というわけですが、雰囲気はまずまず良いのですが、ちょっと問題が小さいかなー。心に壁を作った男が壁のある街へいく、みたいなピンクフロイドのウォールのような設定でございます。まあ宗教に頼る人って結局そうなんだろうけど。キリスト教でいうと、その教えを正しいと思い実践するのは良いが、だからといって教会やイエス自身、聖地を信仰する必要性とは話が違う。自分での価値判断を他に委ねているだけではないのだろうか?

で、この本の感想は

女性は怖い

付け加えて言うと

愛も宗教も同じ悪霊

もっと言うと

共闘した女はもっと怖い

ということです。共闘したのはケイティとマグダラのマリアですが。まあそのつながりもなんだか意味不明の雰囲気だけだし、単に復讐したいだけみたいだし、終わり方はもう白人至上主義みたいでとっても不愉快だし。あくまで白人が異世界に惑う話としても、他から見てどないやねんという突込みをいれたくなっちまう。結局はすべて個人の問題で「コスモポリス」に通じる不愉快さを感じてしまう。

解説では「アラビアの夜の種族」や「アラビアン・ナイトメア」と比較しているんだけど、「アラビアの夜の種族」はまだ積んであるので比較できないが、「アラビアン・ナイトメア」と比較するのはちょっとレベルが違いすぎるんでないかい?そりゃ「アラビアン・ナイトメア」のほうが100倍おもしろいでしょうて。

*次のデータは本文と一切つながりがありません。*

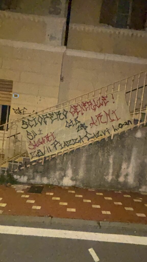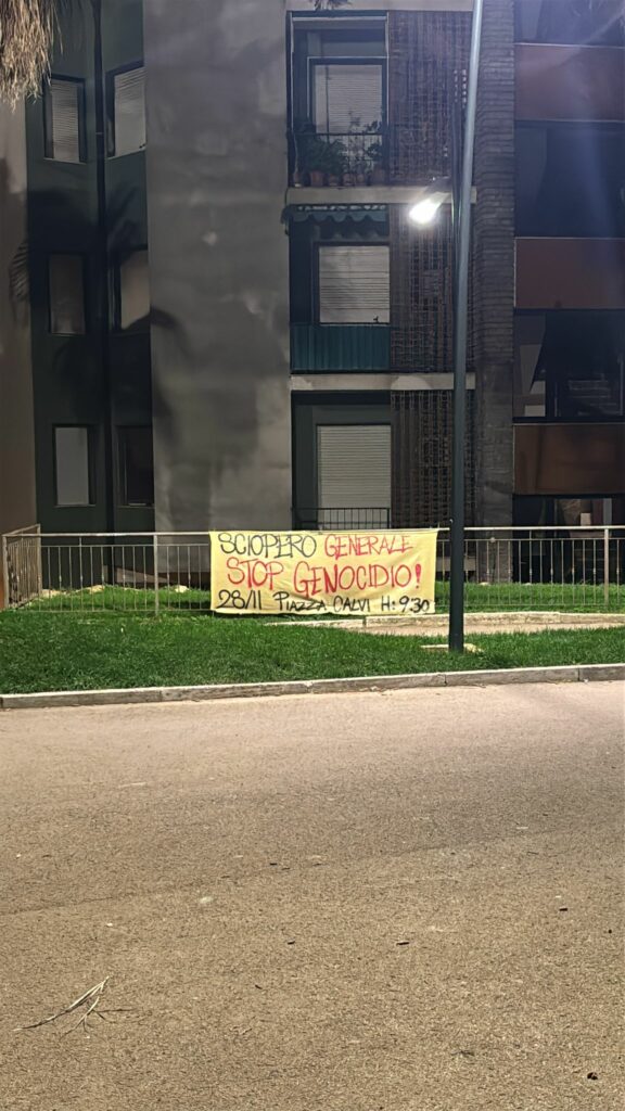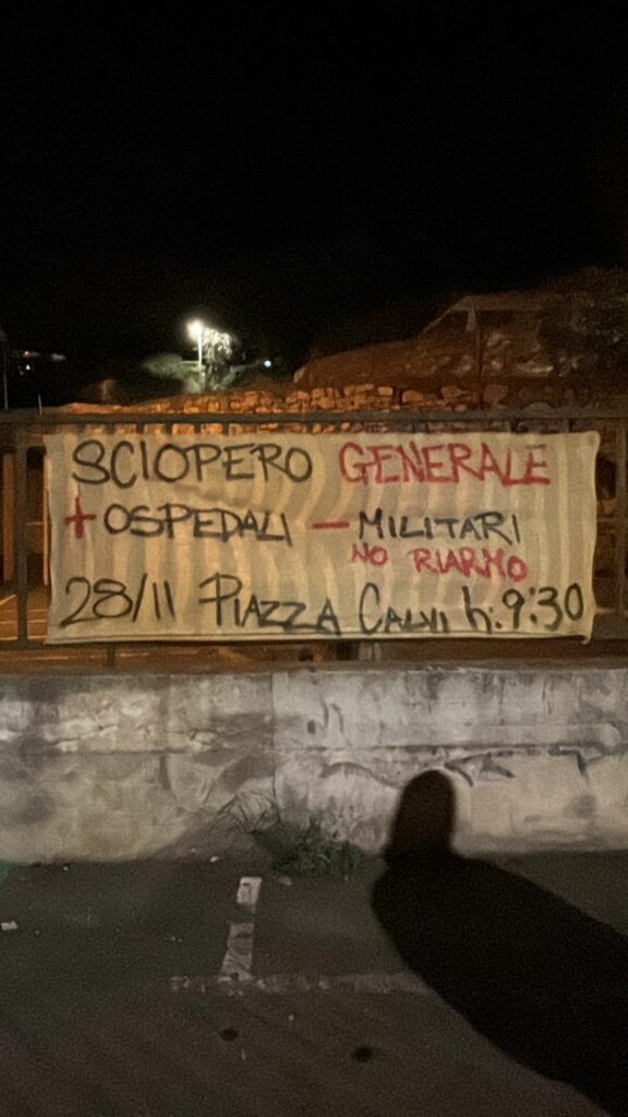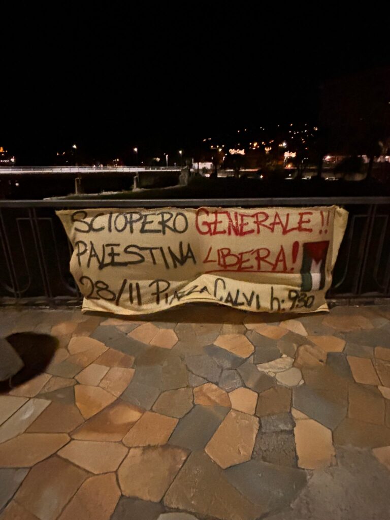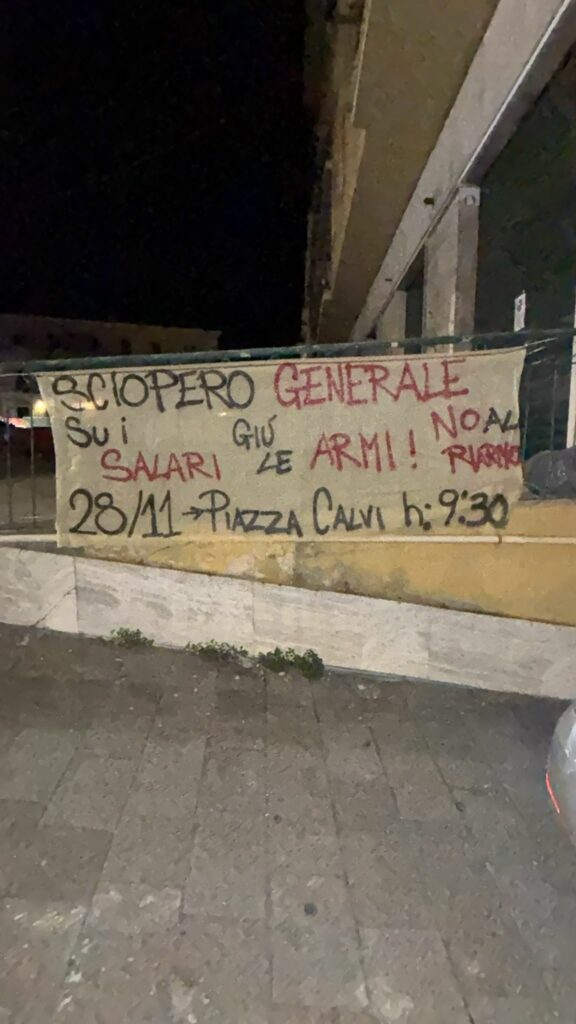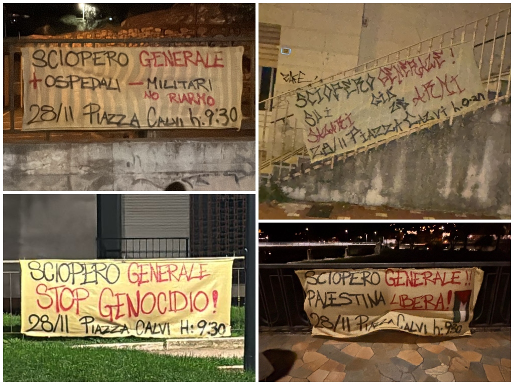Striscioni sono comparsi nella notte in diversi punti strategici della città per invitare i cittadini a partecipare allo sciopero generale di venerdì 28 novembre. I manifesti richiamano l’appuntamento indetto dalla USB per le 9.30 in piazza Ulisse Calvi.

この「鎮魂歌(レクイエム)」も幻想文学なんだろうか?私にとってはこのかきっぷりでは幻想文学にはちょっと入れたくないです。幻想文学風味のモダンホラー型ミニマル小説というところにおいておきます。この位置は私には縁なしに近い。

コメント

うん、これってホラーですよね。幻想と名のつく賞をとってるから、つい濃厚な幻想文学を期待しちゃいましたが、そういう期待をすると、肩すかしをくらいますよね。正直、ガッカリしちゃいました。

幻想文学ではないのに賛成です。読んだ後、すみ&にえさんの感想も見ました。たぶん同じようなところで引っかかっているのではと思います。私としてはホラーよりは自己憐憫型のミニマル小説の主題に近いかと。